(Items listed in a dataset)
* * *

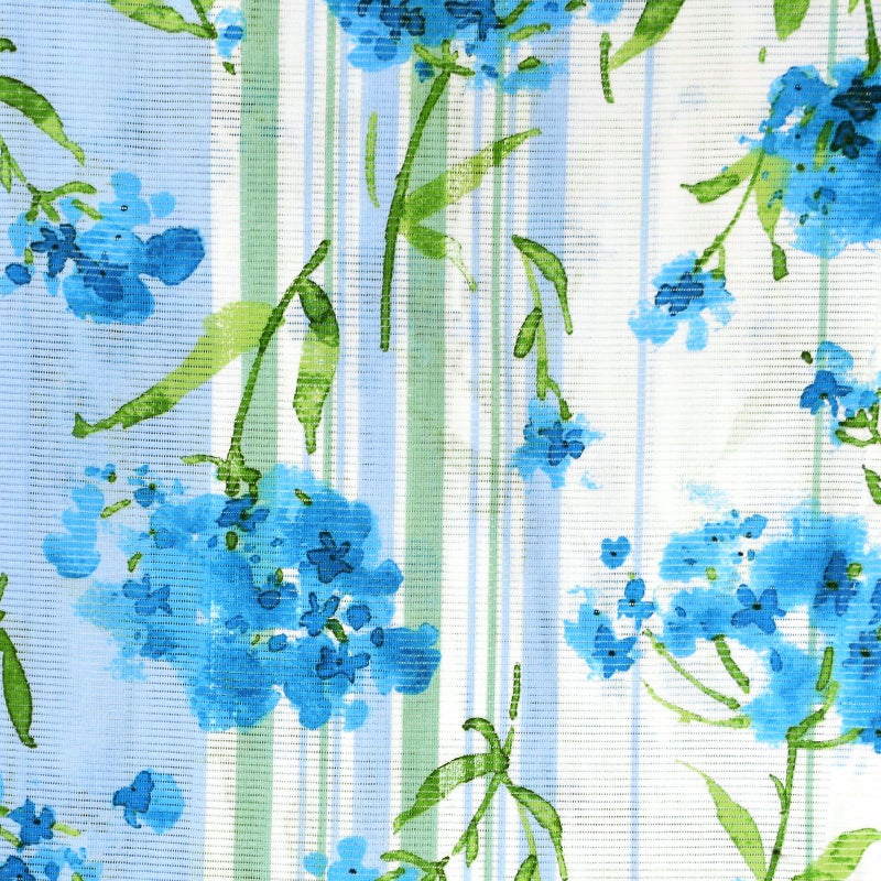 【色柄】白地に空色と淡いミントグリーンのストライプに、水色の花。爽やかな色遣いと、水彩調のにじんだようなタッチが優しい雰囲気です。
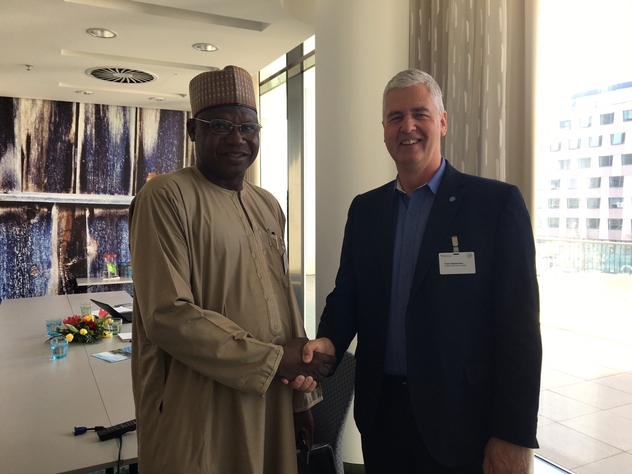 Above photo: Nigerian Honourable Minister of State for Environment, Ibrahim Usman Jibril, meeting with Dr Frank Rijsberman, Director General of the Global Green Growth Institute (GGGI).
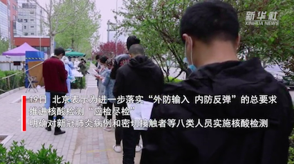 为加强常态化疫情防控,北京扩大核酸检测范围,对重点人群实行应检尽检,对其他人群实行愿检尽检。近日,新华社、中央电视台等多家媒体记者来到北京市卫健委公布的第一批提供新冠病毒核酸检测服务的核酸检测点-北京博奥医学检验所,实地探访个人核酸检测全流程。
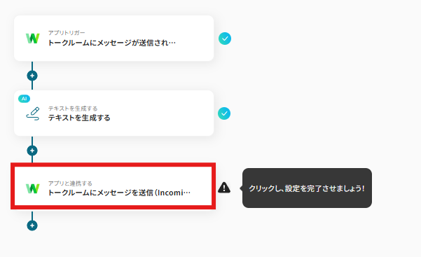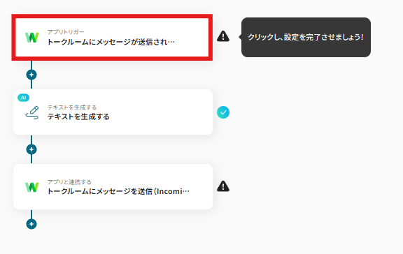 トークルームにメッセージが投稿されたことを、この自動化のトリガー(起点)にするための設定を行いましょう。 以下の赤枠をクリックします。
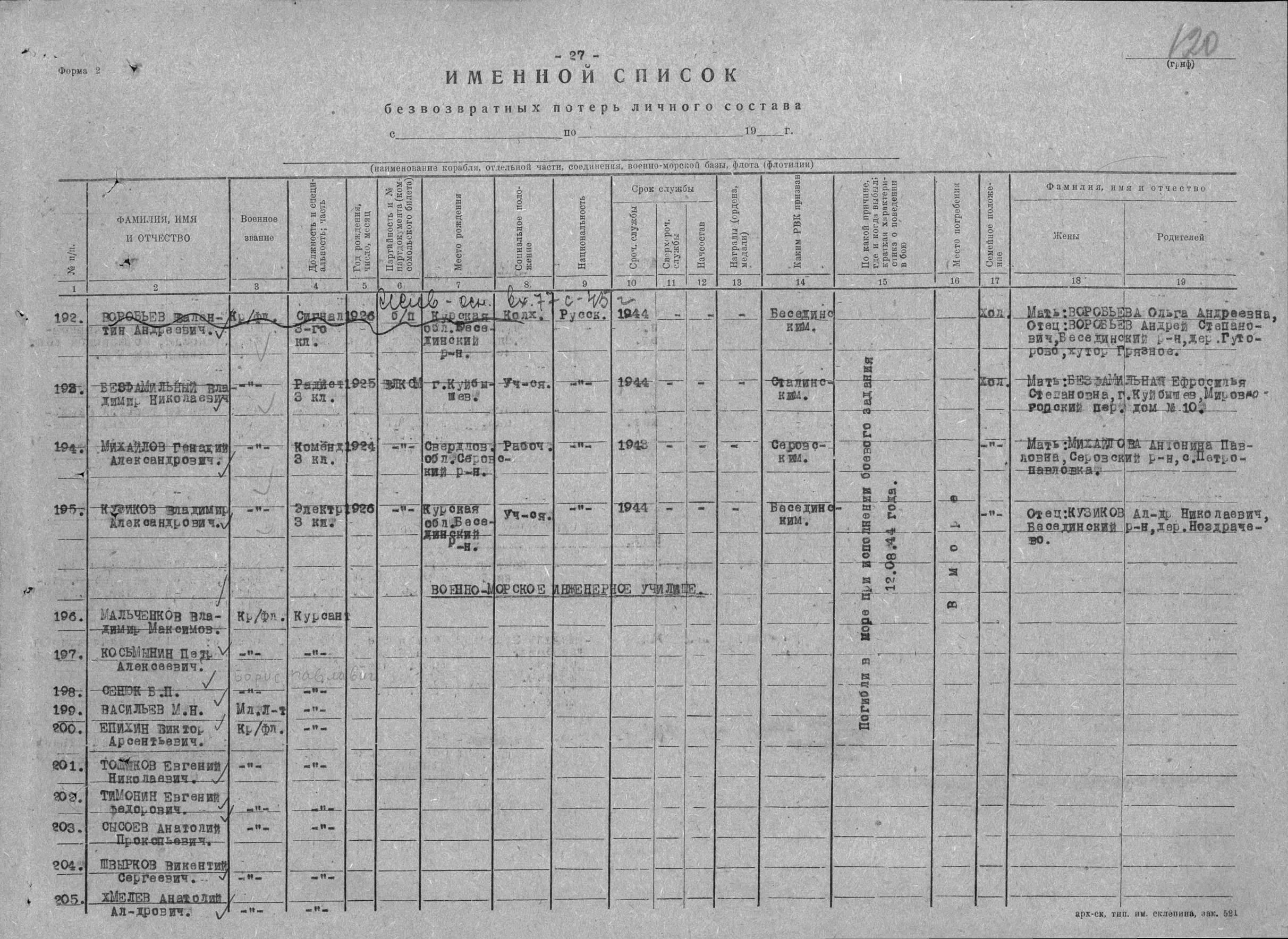 Донесение о безвозвратных потерях исх 02196 от 21.10.1944 (ЦВМА, Ф. 4038, О. 54, Д. 23).
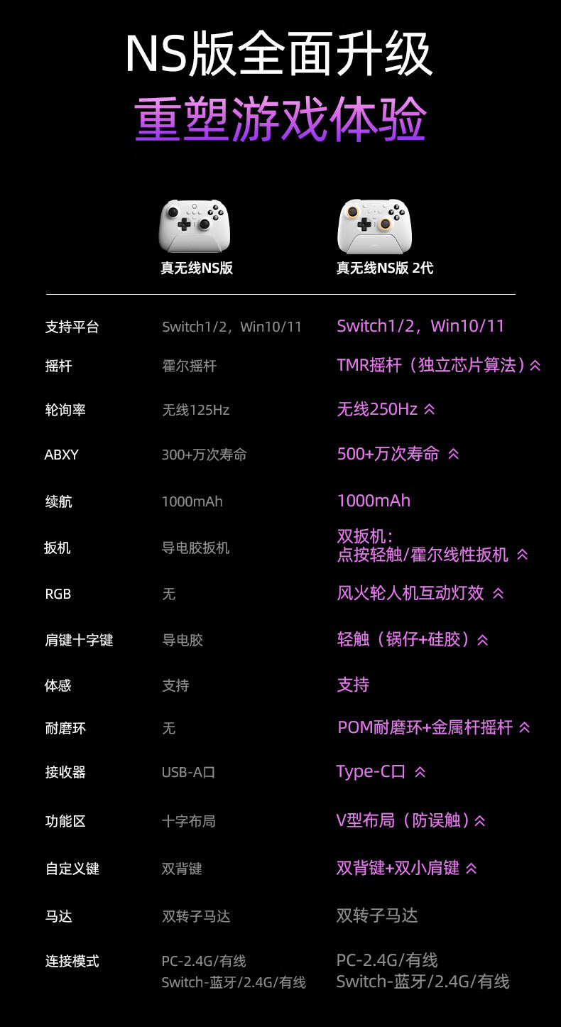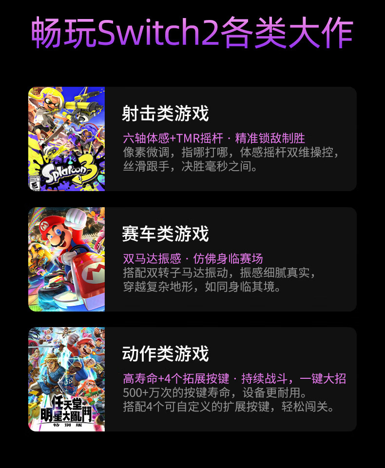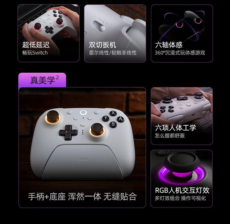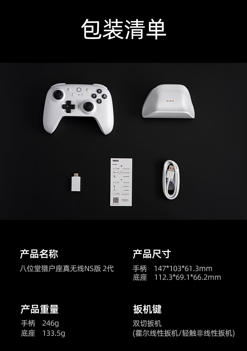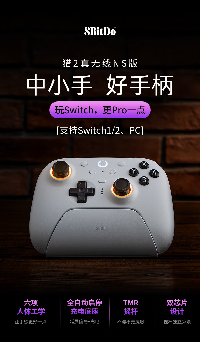 八位堂(8BitDo)猎2真无线NS版游戏手柄Switch2双切扳机ns2 TMR摇杆三模PC电脑Steam塞尔达无双 宝可梦传说 丝之歌

* * *

The line containing "トークルームにメッセージが投" and all lines after it, through the last line of the records, should be returned exactly. Omit the pictures.

• _Answer for the task_:
 トークルームにメッセージが投稿されたことを、この自動化のトリガー(起点)にするための設定を行いましょう。 以下の赤枠をクリックします。
 Донесение о безвозвратных потерях исх 02196 от 21.10.1944 (ЦВМА, Ф. 4038, О. 54, Д. 23).
 八位堂(8BitDo)猎2真无线NS版游戏手柄Switch2双切扳机ns2 TMR摇杆三模PC电脑Steam塞尔达无双 宝可梦传说 丝之歌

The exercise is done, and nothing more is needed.